■ **Assigned task**: No pictures belong in the copy. Set down exactly the lines from the one that contains "Women's Top Hollow" through the end of the data.

■ **Source records**:
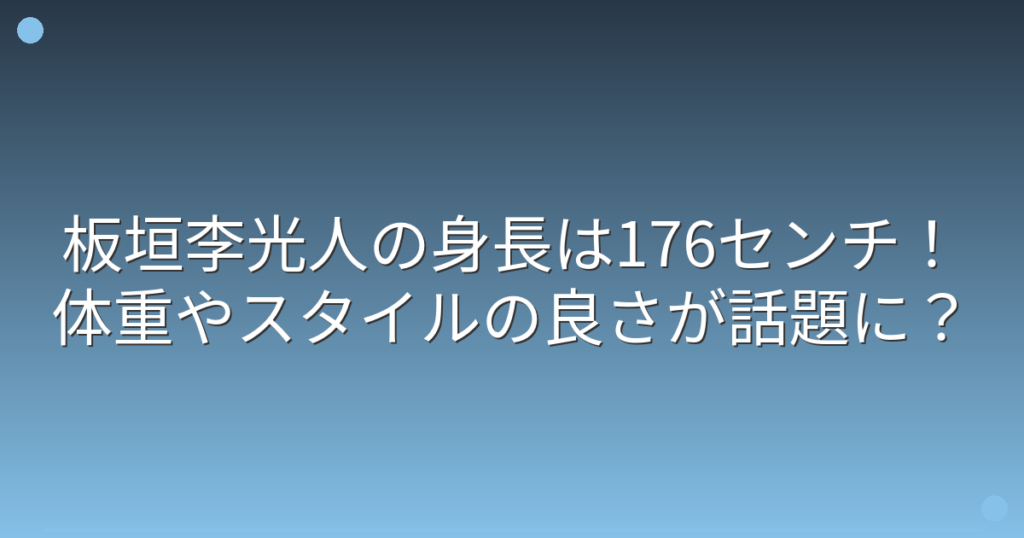 俳優として活躍する板垣李光人さんのスタイルの良さが話題になっていますね。 テレビドラマや映画で見かける度に、その高身長とスマートな体型が注目を集めています。 そこで今回は、板垣李光人さんの身長や体重、スタイルについて詳しく見ていきましょう... -
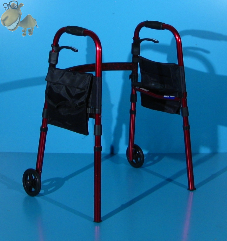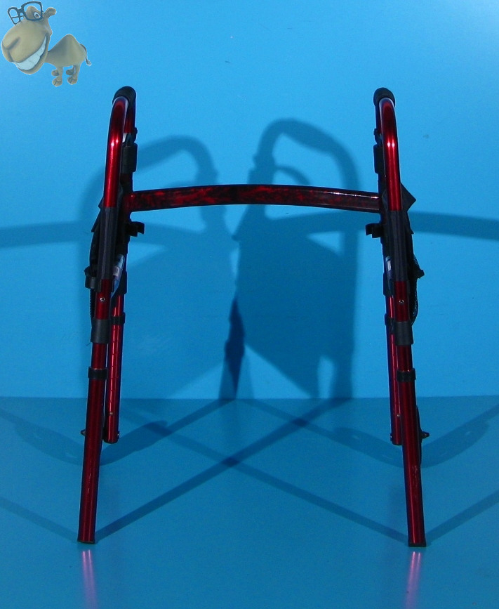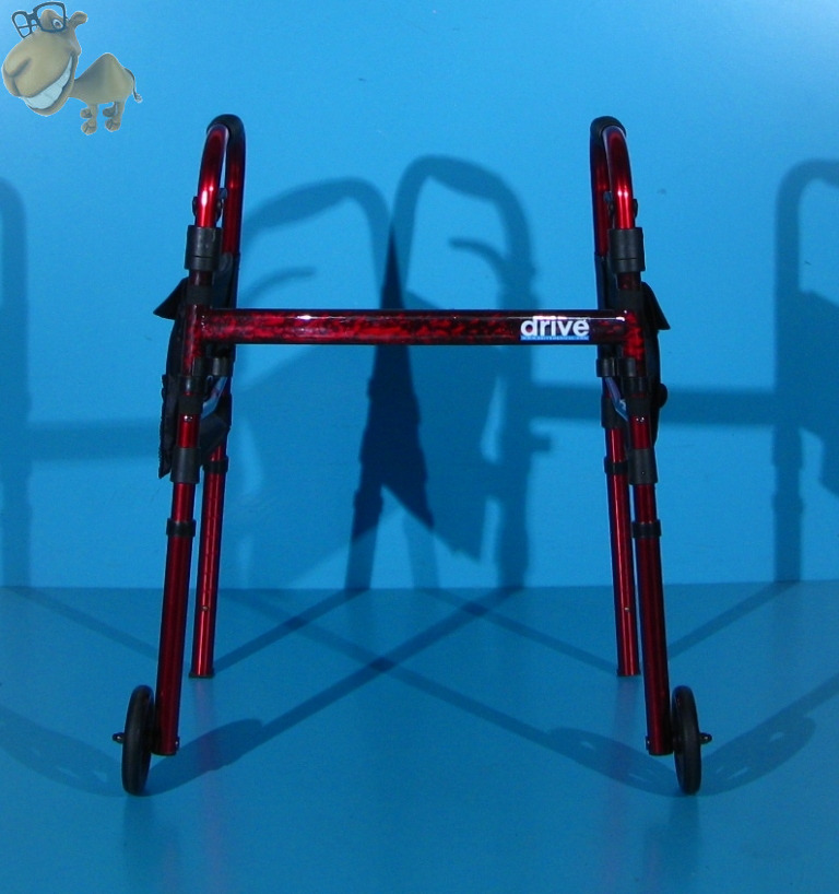 Doua roti frontale faciliteaza deplasarea mersului, iar doua picioare cu varfuri de cauciuc care nu marchează podeaua, asigura stabilitatea mersului.
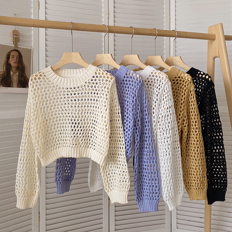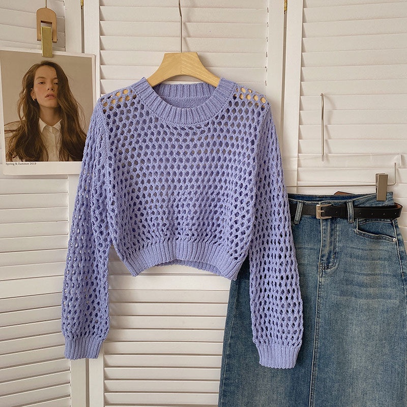 Women's Top Hollow Fashion Loose Knitted Mesh T-Shirt
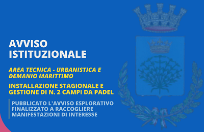 AVVISO PUBBLICO PER MANIFESTAZIONE DI INTERESSE PER L'AFFIDAMENTO IN CONCESSIONE AI SENSI DELL'ART. 45 BIS DEL CODICE DELLA NAVIGAZIONE DI PORZIONE DELL'ARENILE DENOMINATO S. FRANCESCO PER L'INSTALLAZIONE STAGIONALE E GESTIONE, DAL 1 MAGGIO AL 30 SETTEMBRE, DI N. 2 CAMPI DA PADEL
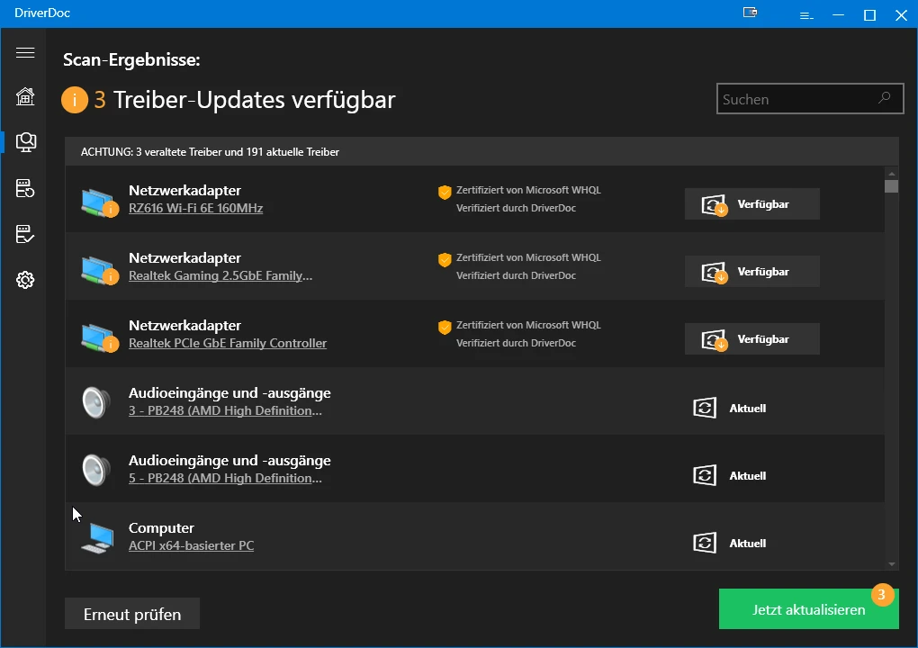 One-Click Update: Scannt Hardware, findet und installiert Treiber automatisch aus 16 Mio. Datenbank – sicher und fehlerfrei.

■ **Your solution**:
 Women's Top Hollow Fashion Loose Knitted Mesh T-Shirt
 AVVISO PUBBLICO PER MANIFESTAZIONE DI INTERESSE PER L'AFFIDAMENTO IN CONCESSIONE AI SENSI DELL'ART. 45 BIS DEL CODICE DELLA NAVIGAZIONE DI PORZIONE DELL'ARENILE DENOMINATO S. FRANCESCO PER L'INSTALLAZIONE STAGIONALE E GESTIONE, DAL 1 MAGGIO AL 30 SETTEMBRE, DI N. 2 CAMPI DA PADEL
 One-Click Update: Scannt Hardware, findet und installiert Treiber automatisch aus 16 Mio. Datenbank – sicher und fehlerfrei.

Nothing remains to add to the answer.